▶ **SOURCE INFORMATION**:
########

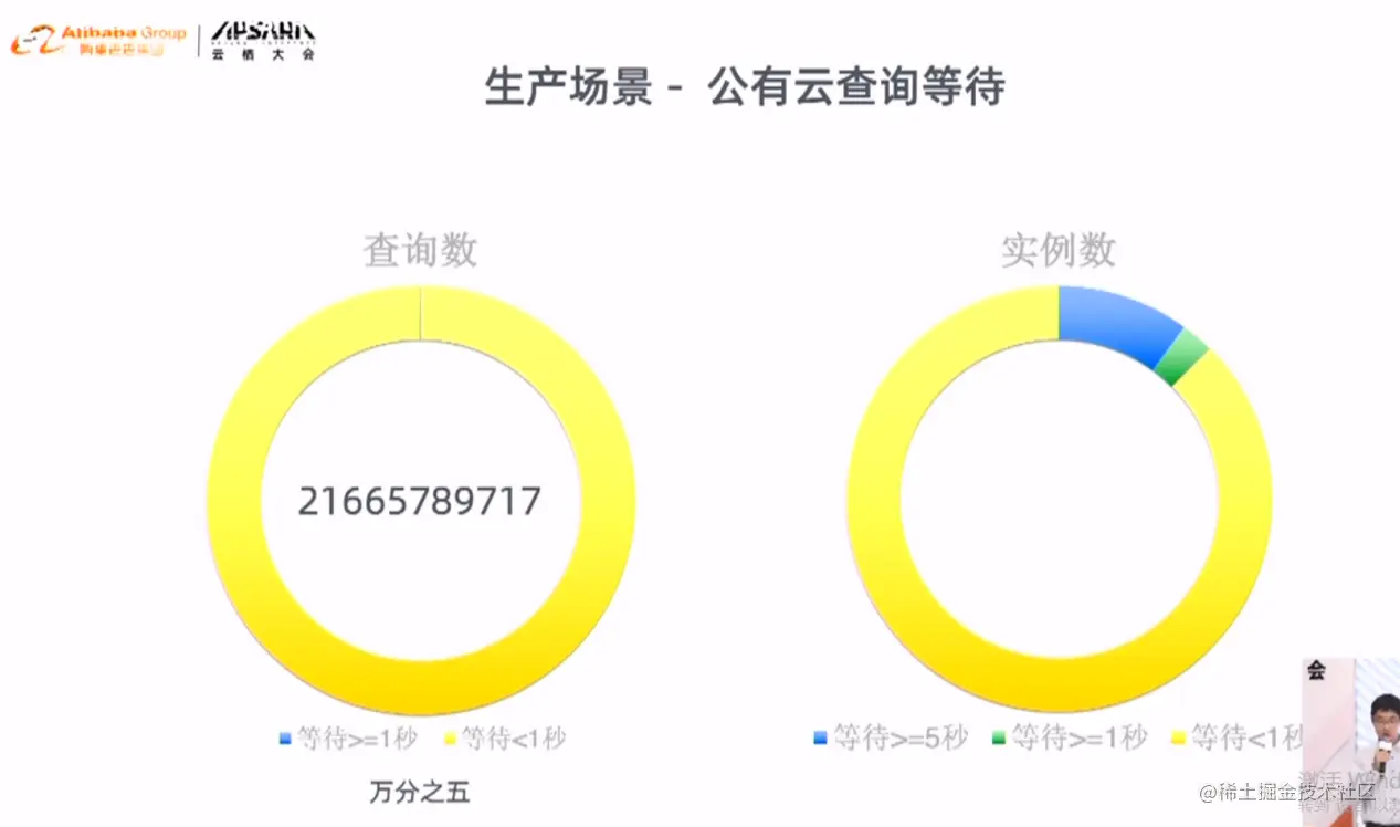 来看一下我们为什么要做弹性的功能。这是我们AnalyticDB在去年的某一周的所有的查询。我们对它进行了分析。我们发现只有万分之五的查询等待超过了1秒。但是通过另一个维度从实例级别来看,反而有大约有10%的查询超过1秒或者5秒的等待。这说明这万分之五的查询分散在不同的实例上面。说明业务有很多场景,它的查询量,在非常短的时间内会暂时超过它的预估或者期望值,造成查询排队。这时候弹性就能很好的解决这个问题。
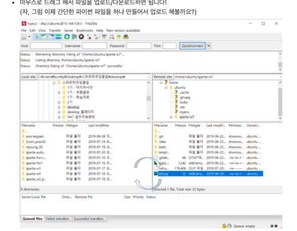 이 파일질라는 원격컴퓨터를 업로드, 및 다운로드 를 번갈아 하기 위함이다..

########

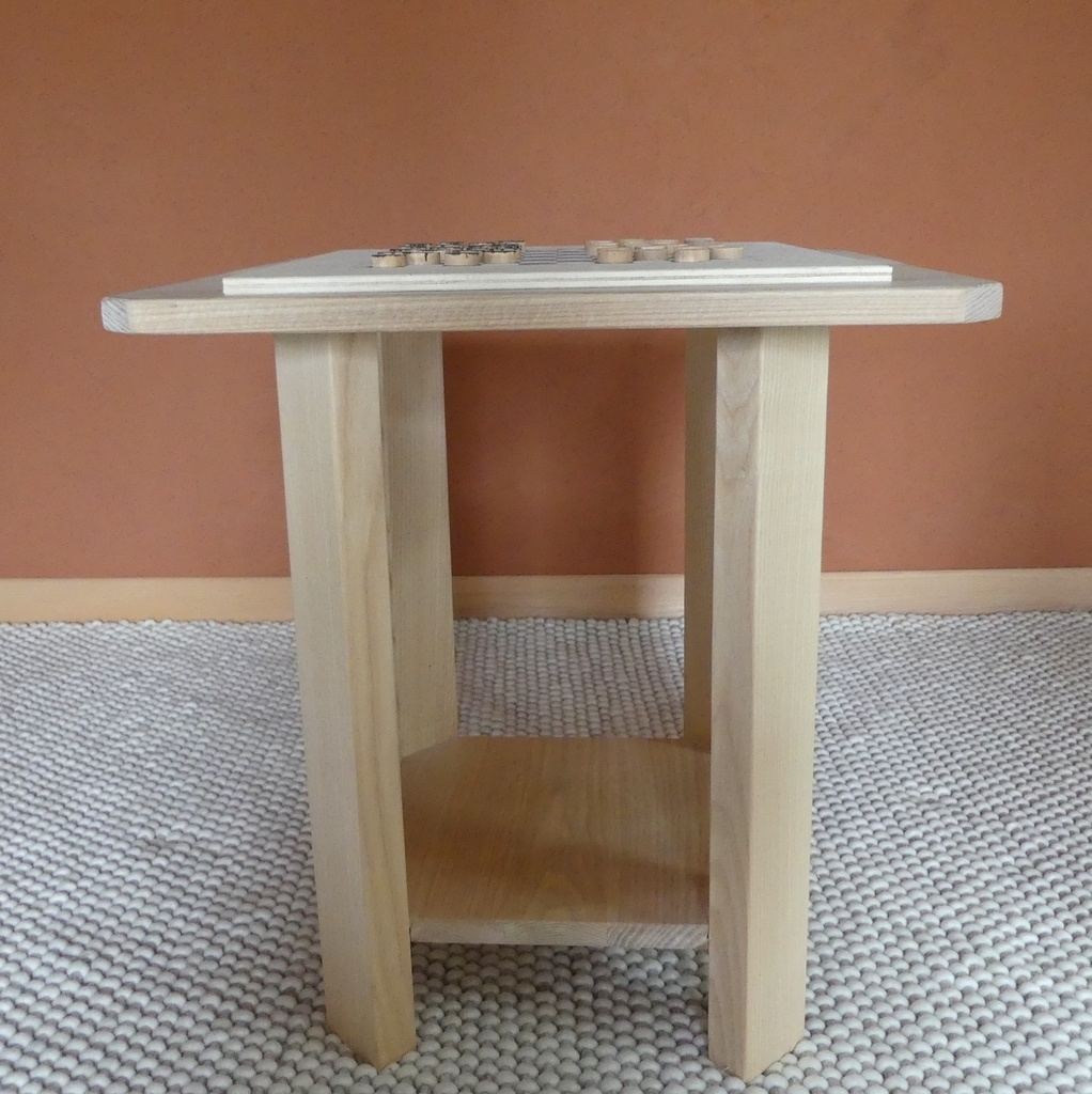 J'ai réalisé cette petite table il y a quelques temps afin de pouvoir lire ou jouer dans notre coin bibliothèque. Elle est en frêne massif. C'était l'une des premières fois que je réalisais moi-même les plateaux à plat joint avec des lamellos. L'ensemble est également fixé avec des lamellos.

########

▶ **TASK ITEM**: In the listing above, find the line with "来看一下我们为什么要做弹性的" and the line with "이 파일질라는 원격컴퓨터를 업로드, 및 다운로드 를 번갈아 하기 위함이다..". Copy exactly those two and every line between, without the pictures.

▶ **SOLUTION**:
 来看一下我们为什么要做弹性的功能。这是我们AnalyticDB在去年的某一周的所有的查询。我们对它进行了分析。我们发现只有万分之五的查询等待超过了1秒。但是通过另一个维度从实例级别来看,反而有大约有10%的查询超过1秒或者5秒的等待。这说明这万分之五的查询分散在不同的实例上面。说明业务有很多场景,它的查询量,在非常短的时间内会暂时超过它的预估或者期望值,造成查询排队。这时候弹性就能很好的解决这个问题。
 이 파일질라는 원격컴퓨터를 업로드, 및 다운로드 를 번갈아 하기 위함이다..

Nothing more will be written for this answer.